You can reply to this email to add a comment to the issue online.


[jira] Commented: (TIKA-41) Resource files occur twice in jar file.

Posted by "Jukka Zitting (JIRA)" <ji...@apache.org>.
    [ https://issues.apache.org/jira/browse/TIKA-41?page=com.atlassian.jira.plugin.system.issuetabpanels:comment-tabpanel#action_12532607 ] 

Jukka Zitting commented on TIKA-41:
-----------------------------------

I don't think this is a Maven issue at all.

The files need to be in org/apache/tika within the jar file, and I don't see why we should have them in some other place within src. To me the cleanest and simplest solution is to have a direct one-to-one mapping between the src tree and the resulting jar file entries. Otherwise you need to dig into the build script to find out where and how the files are being copied or moved around.

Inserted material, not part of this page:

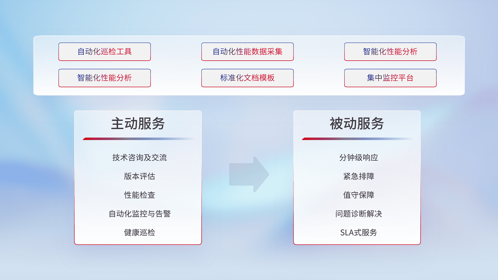 智能化工具和标准化文档,,,,保障服务质量,,提供主动服务(包含技术咨询、、、版本评估、、、性能检查、、、自动化监控与告警、、、健康巡检)和被动服务包含(分钟级响应、、、紧急排障、、值守保障、、问题诊断解决、、、SLA服务)。。。

> Resource files occur twice in jar file.
> ---------------------------------------
>
>                 Key: TIKA-41
>                 URL: https://issues.apache.org/jira/browse/TIKA-41
>             Project: Tika
>          Issue Type: Improvement
>    Affects Versions: 0.1-incubator
>            Reporter: Keith R. Bennett
>            Priority: Minor
>             Fix For: 0.1-incubator
>
>
> The Tika and Mime config files occur in two places in the jar file.  This is because they are not stored in our src/test/resources directory tree in the same place that they need to be in the target/classes directory tree, and there is a copy directive in the POM file that copies the files to different directory.
> For example, tika-config.xml is in src/main/resources, but needs to go to target/class/org/apache/tika.  Maven automatically copies the files in src/main/resources to the same location in target/classes, so tika-config.xml is copied to target/classes.  Then, the copy directive in the POM file copies the file to target/classes/org/apache/tika.  So the file is copied twice.
> I recommend the following to fix this:
> * Move tika-config.xml to src/main/resources/org/apache/tika.
> * Move tika-mimetypes.xml to src/main/resources/org/apache/tika/mime.
> * Remove the copy directives for the above two from the POM file.

-- 
This message is automatically generated by JIRA.
-
You can reply to this email to add a comment to the issue online.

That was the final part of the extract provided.